Mucho Gusto (foaled  April 26, 2016) is an American Thoroughbred racehorse who won the 2020 Pegasus World Cup.

Racing Career
Mucho Gusto's first race was on September 20, 2018 at Los Alamitos Race Course where he came in first. His next race was the Grade 3 Bob Hope Stakes, on November 17, 2018, where he also came in first. He finished his 2018 season with a second place finish at the Grade 1 Los Alamitos Futurity.

Mucho Gusto began his 2019 season on February 2 with a win in the Grade 3 Robert B. Lewis Stakes. On May 18, he picked up a win at the Grade 3 Lazaro Barrera Memorial Stakes. He then picked up another win the month after by winning the Affirmed Stakes. On July 20, he finished second in the Grade 1 Haskell Invitational, and on August 24, he finished third in the Grade 1 Travers Stakes.
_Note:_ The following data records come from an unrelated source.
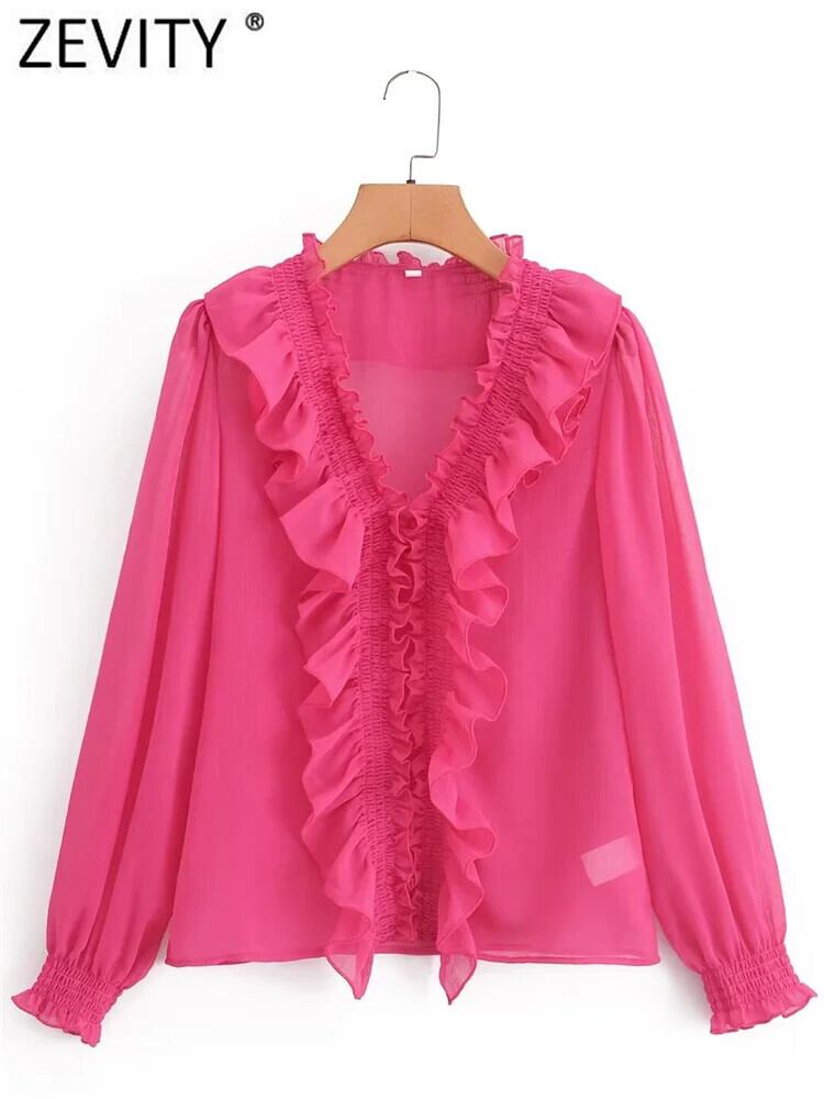 V ネックカスケードフリルシフォンブラウスレディシック長袖弾性スリムシャツトップス LS330 ロング ラッフル エラスティック 伸縮 Vネック ソリッドカラー
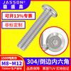 304 Aço Inoxidável Flat Round Head Hexagon Socket Screw Hexagon Socket Bolt Hexagonal Furniture Screws Atacado M6 / M8
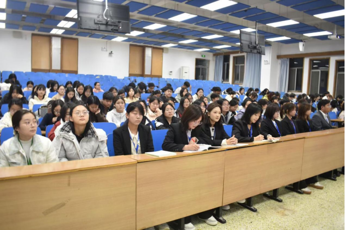 活动伊始,陈彦彤详细介绍了宣讲会的举办背景与核心流程,强调“挑战杯”竞赛作为展现青春智慧的重要平台,对提升学生实践能力、突破自我边界的重要意义,鼓励同学们认真聆听、积极汲取经验。
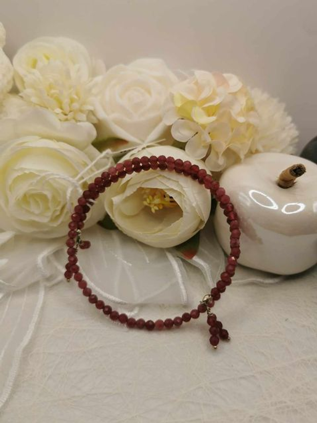 Bracelet Double Tour en Rubis et Acier Inoxydable
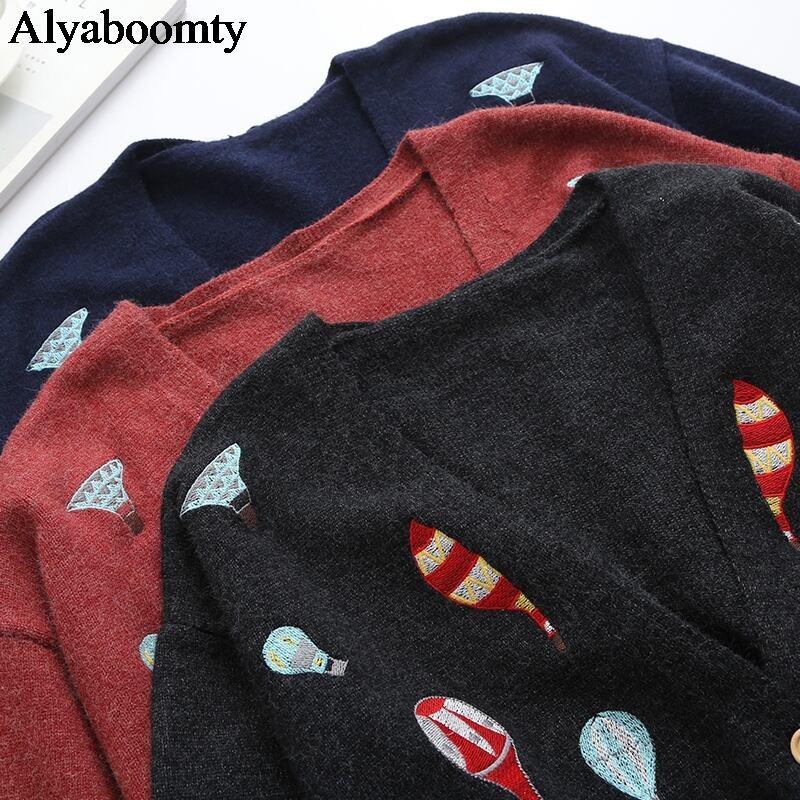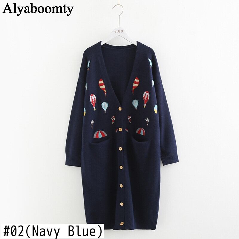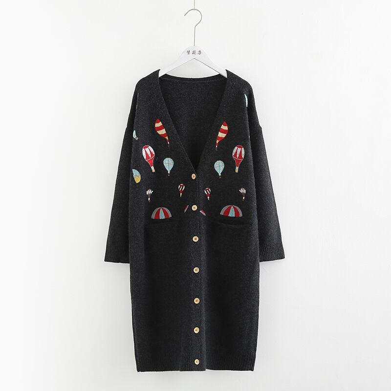 送料無料୨♥୧ ese森オータムウィンターレディースロングカーディガンVネックバルーン刺繍ルーズセーター 厚い AOS74084466705
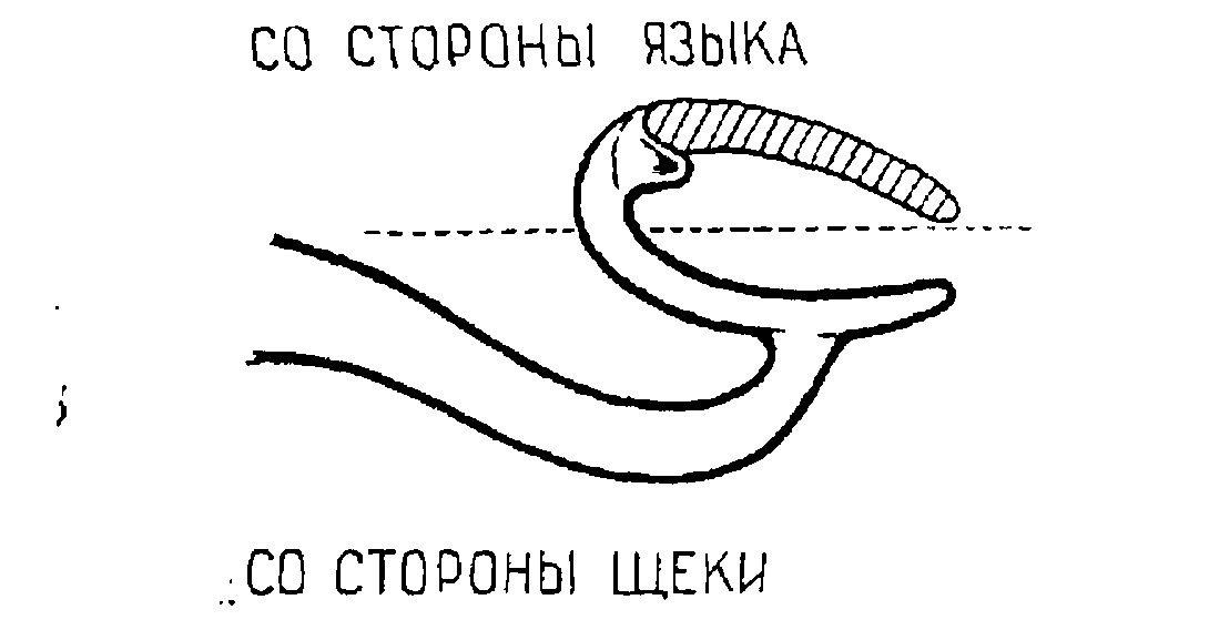 При оральном наклоне премоляра направляющая линия на язычной (нёбной) стороне находится вблизи жевательной поверхности. Здесь плечо кламмера пересекает линию наибольшей выпуклости и продолжается в десневой зоне до ретенционной точки с орально-мезиальной стороны премоляра. Глубина захвата для вестибулярного одноплечего кламмера должна равняться 0,25 мм. Так же, как и в оральном одноплечем кламмере, с дистальной стороны опорного премоляра плечо не соединяется с базисом. Для этого рекомендуется ^ручную сепарационным диском разъединить базис от кламмера.

His final race of the season was a fourth place finish in the September 29 Oklahoma Derby.

He began his 2020 season with the biggest win of his career by winning his first Grade 1 race, the Pegasus World Cup. His next start was the $20 million Saudi Cup, where he finished third. He didn't record any workouts until October at Los Alamitos Race Course where he ran a leisurely 3 furlongs.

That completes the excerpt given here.